* Problem: Print the records below exactly as they appear. Omit all pictures.
++++ Records for processing ++++
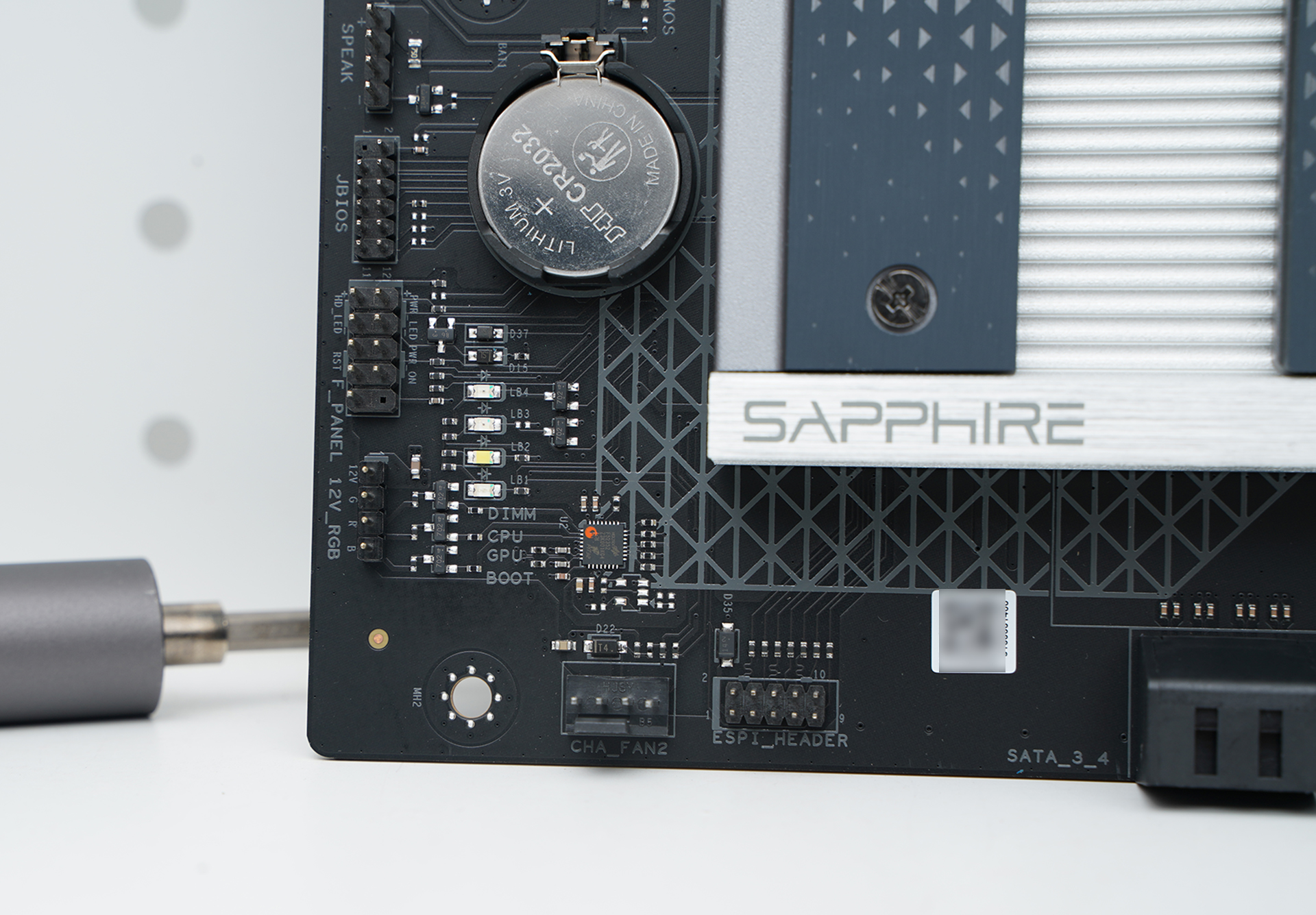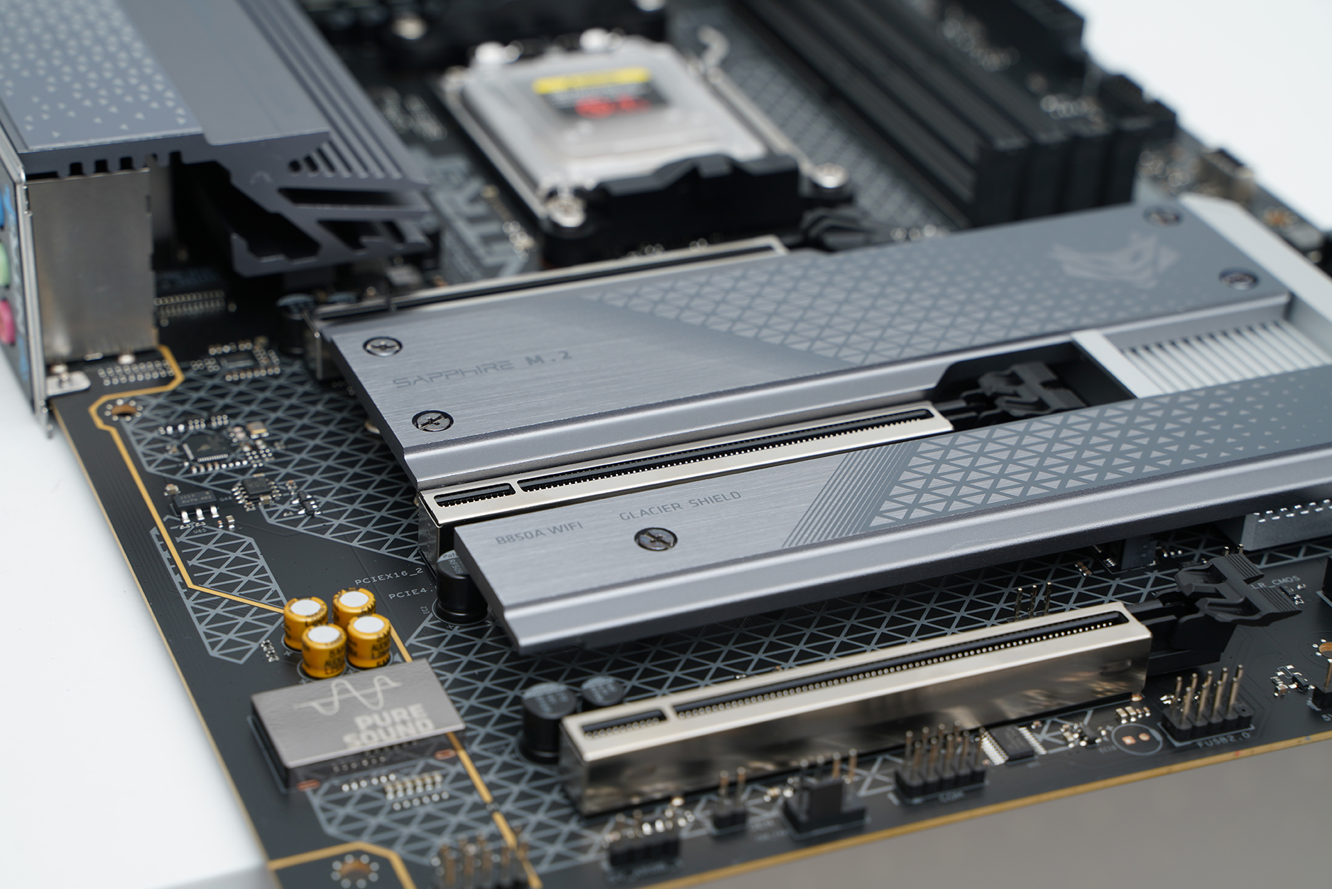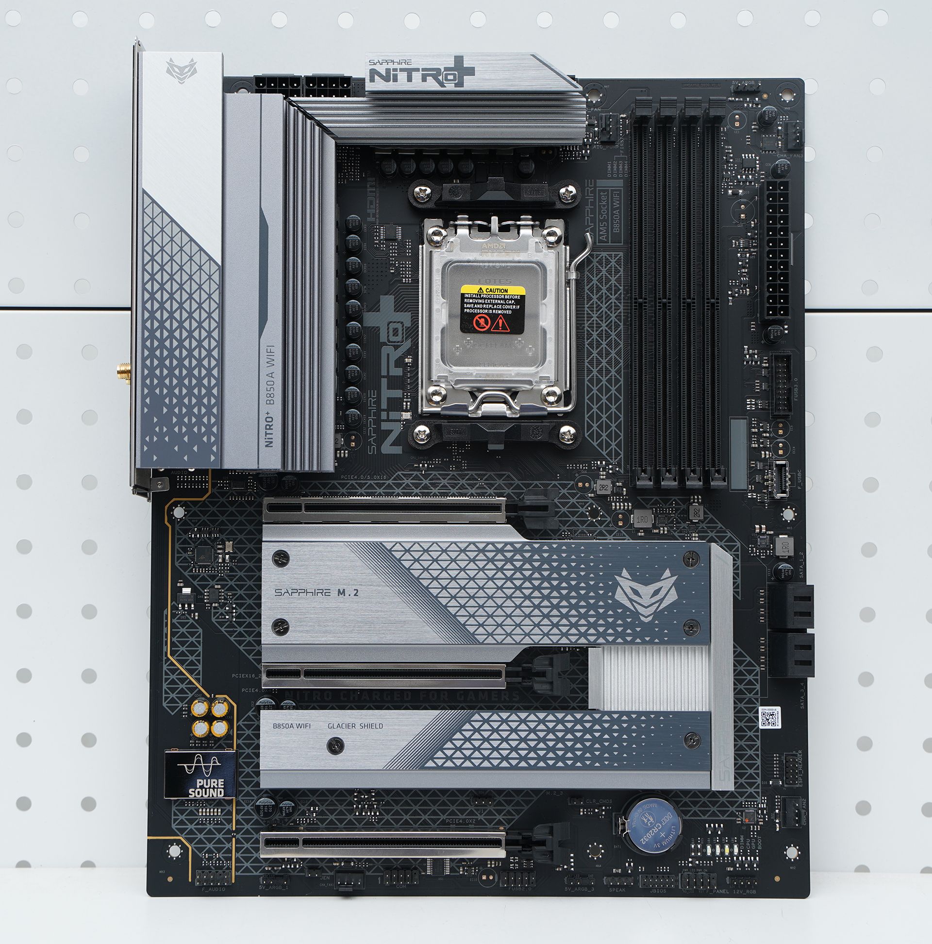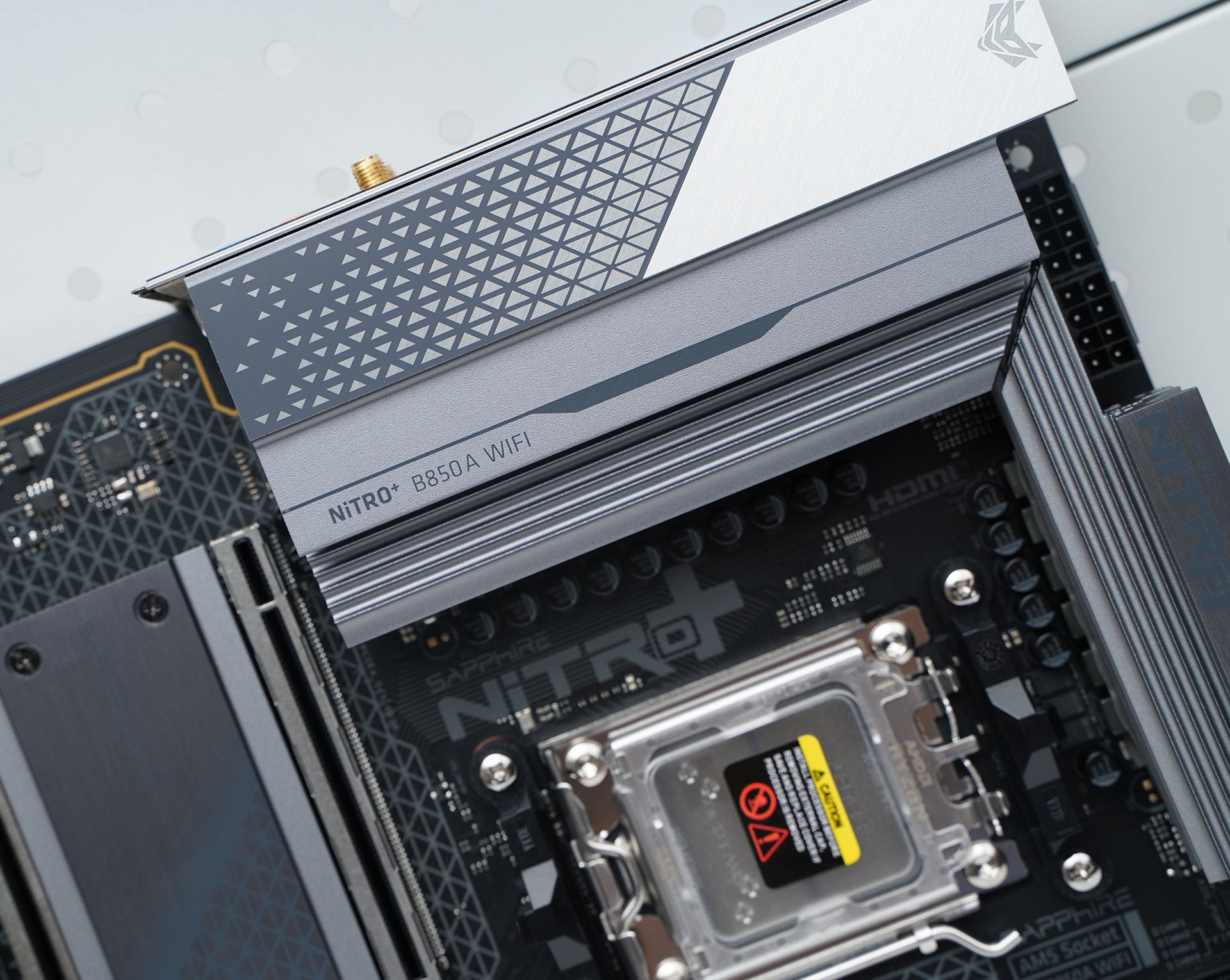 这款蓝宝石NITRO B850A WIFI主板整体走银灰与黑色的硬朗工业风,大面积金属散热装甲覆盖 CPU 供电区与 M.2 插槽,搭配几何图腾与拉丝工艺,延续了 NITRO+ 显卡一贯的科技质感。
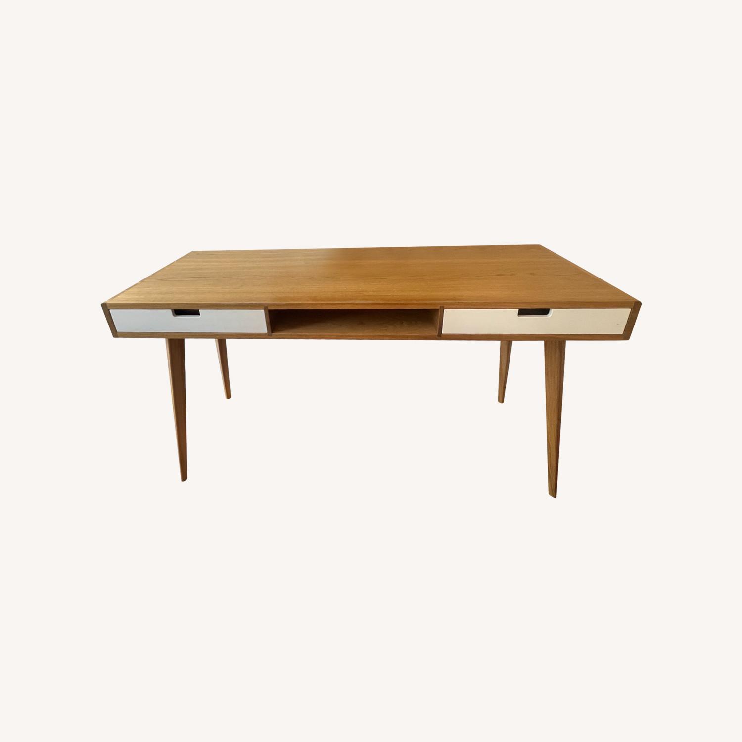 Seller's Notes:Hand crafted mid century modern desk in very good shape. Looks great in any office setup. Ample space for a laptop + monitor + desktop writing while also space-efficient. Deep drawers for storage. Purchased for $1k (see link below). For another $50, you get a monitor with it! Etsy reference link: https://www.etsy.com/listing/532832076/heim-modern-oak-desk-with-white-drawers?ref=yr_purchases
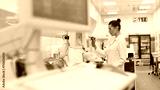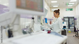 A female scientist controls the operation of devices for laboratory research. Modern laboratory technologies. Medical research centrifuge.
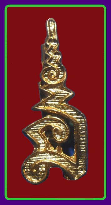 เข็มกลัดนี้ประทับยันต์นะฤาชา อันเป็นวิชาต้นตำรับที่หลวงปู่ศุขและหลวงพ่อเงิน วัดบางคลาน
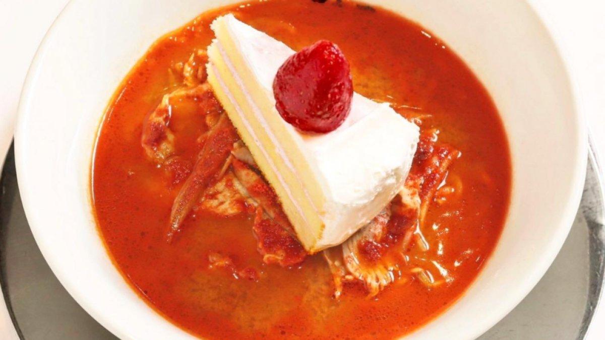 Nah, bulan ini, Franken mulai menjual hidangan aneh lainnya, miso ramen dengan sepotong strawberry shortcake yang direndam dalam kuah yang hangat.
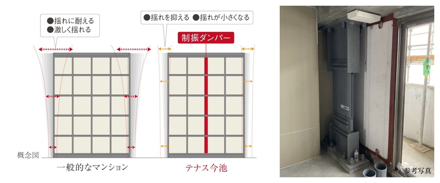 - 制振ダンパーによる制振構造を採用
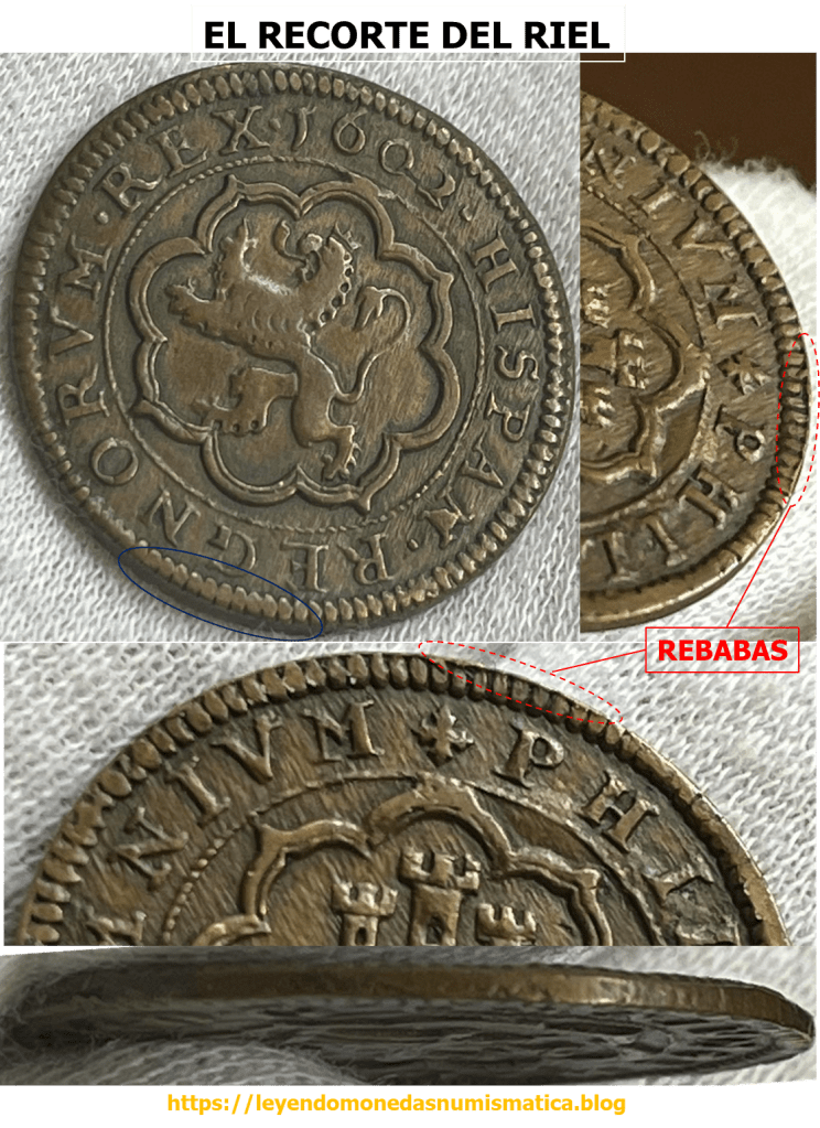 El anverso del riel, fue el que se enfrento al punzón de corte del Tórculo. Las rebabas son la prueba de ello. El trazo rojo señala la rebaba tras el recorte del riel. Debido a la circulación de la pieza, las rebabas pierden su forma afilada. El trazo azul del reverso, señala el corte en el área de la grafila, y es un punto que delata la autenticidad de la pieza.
++++
* Exercise response:
 这款蓝宝石NITRO B850A WIFI主板整体走银灰与黑色的硬朗工业风,大面积金属散热装甲覆盖 CPU 供电区与 M.2 插槽,搭配几何图腾与拉丝工艺,延续了 NITRO+ 显卡一贯的科技质感。
 Seller's Notes:Hand crafted mid century modern desk in very good shape. Looks great in any office setup. Ample space for a laptop + monitor + desktop writing while also space-efficient. Deep drawers for storage. Purchased for $1k (see link below). For another $50, you get a monitor with it! Etsy reference link: https://www.etsy.com/listing/532832076/heim-modern-oak-desk-with-white-drawers?ref=yr_purchases
 A female scientist controls the operation of devices for laboratory research. Modern laboratory technologies. Medical research centrifuge.
 เข็มกลัดนี้ประทับยันต์นะฤาชา อันเป็นวิชาต้นตำรับที่หลวงปู่ศุขและหลวงพ่อเงิน วัดบางคลาน
 Nah, bulan ini, Franken mulai menjual hidangan aneh lainnya, miso ramen dengan sepotong strawberry shortcake yang direndam dalam kuah yang hangat.
 - 制振ダンパーによる制振構造を採用
 El anverso del riel, fue el que se enfrento al punzón de corte del Tórculo. Las rebabas son la prueba de ello. El trazo rojo señala la rebaba tras el recorte del riel. Debido a la circulación de la pieza, las rebabas pierden su forma afilada. El trazo azul del reverso, señala el corte en el área de la grafila, y es un punto que delata la autenticidad de la pieza.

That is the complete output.